Task directions: After removing every image, reproduce the data exactly as it appears.

Given data:
* * * * * * *
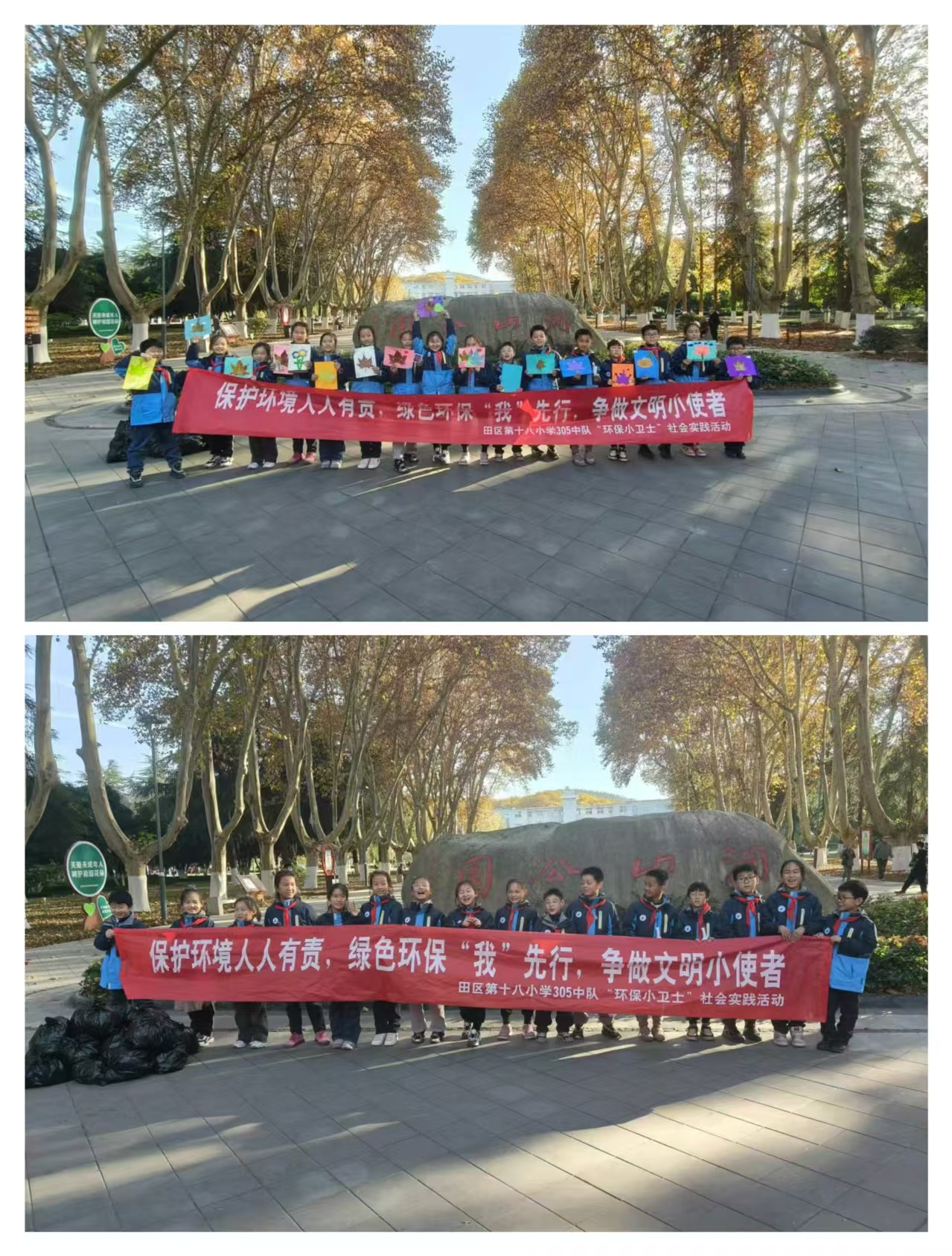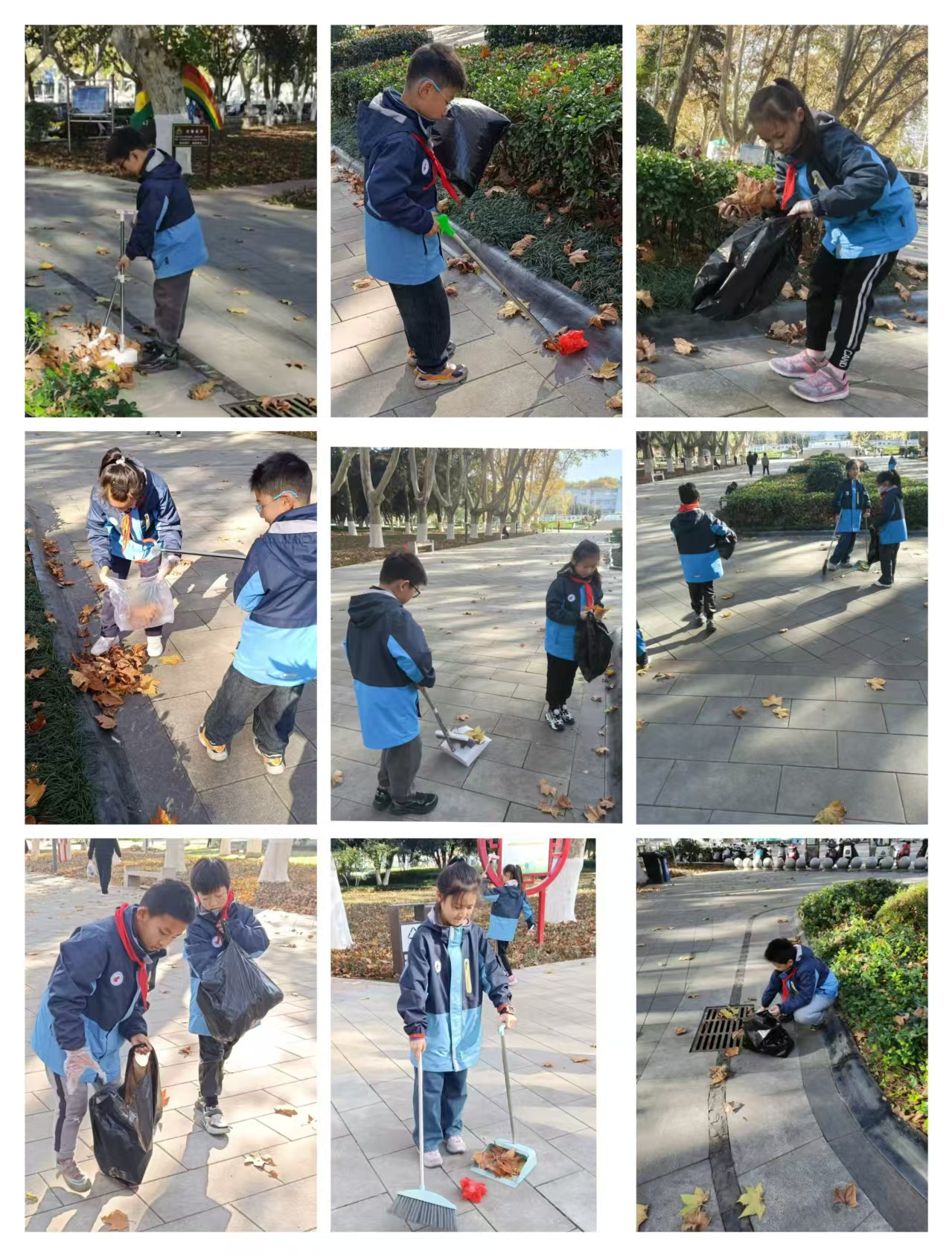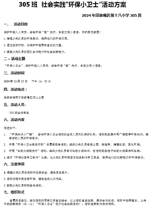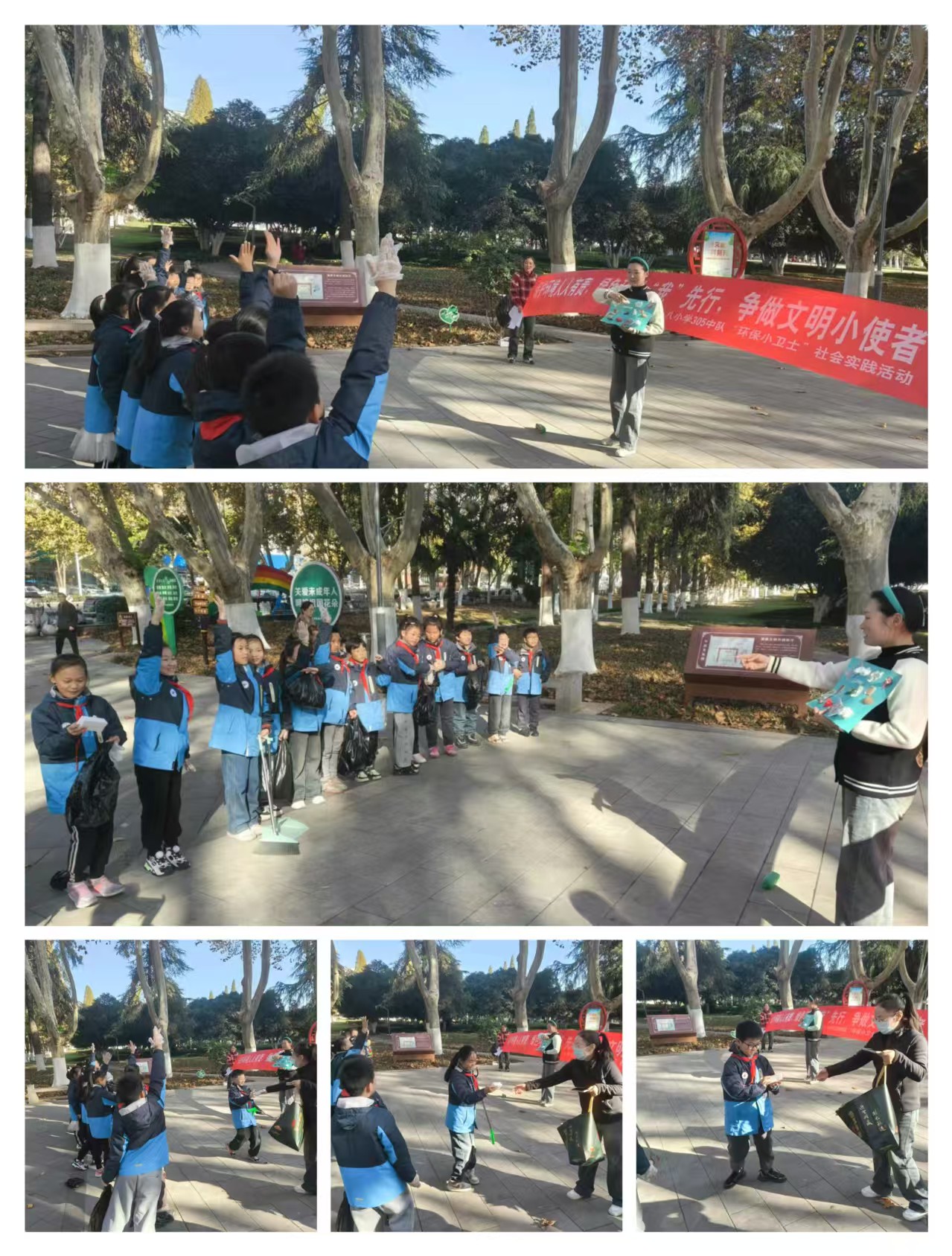 2.开展“环保小卫士我在行动”志愿者服务活动。组织少先队员走进公园、街道等,清理垃圾,美化环境。
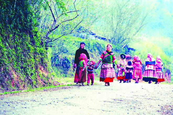 Trên những con đường khấp khểnh đá tai mèo, mấy thiếu nữ tóc thề nhuộm màu thời trang sóng sánh bờ vai trong trang phục váy xòe rực rỡ sắc màu, ánh mắt e ấp trước cái nhìn như táp lửa của nhóm trai bản đang biểu diễn điệu khèn réo rắt xuân tình.
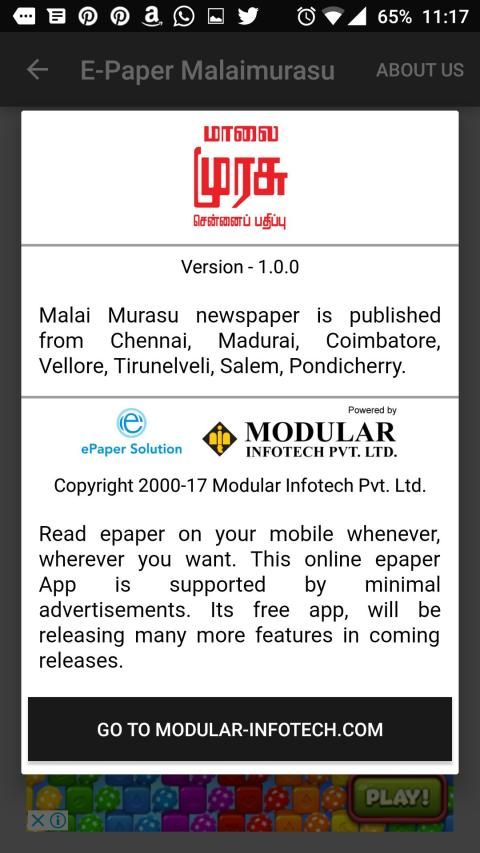 We access you a main official website for app download. 20,000+ users downloaded E-Paper Malaimurasu latest version on 9Apps for free every week! Players who wants to play both because this app is good and because the app are response quickly at any time. This hot app was released on 2019-12-19. Here are some guides of this app:
* * * * * * *
Task solution:
 2.开展“环保小卫士我在行动”志愿者服务活动。组织少先队员走进公园、街道等,清理垃圾,美化环境。
 Trên những con đường khấp khểnh đá tai mèo, mấy thiếu nữ tóc thề nhuộm màu thời trang sóng sánh bờ vai trong trang phục váy xòe rực rỡ sắc màu, ánh mắt e ấp trước cái nhìn như táp lửa của nhóm trai bản đang biểu diễn điệu khèn réo rắt xuân tình.
 We access you a main official website for app download. 20,000+ users downloaded E-Paper Malaimurasu latest version on 9Apps for free every week! Players who wants to play both because this app is good and because the app are response quickly at any time. This hot app was released on 2019-12-19. Here are some guides of this app:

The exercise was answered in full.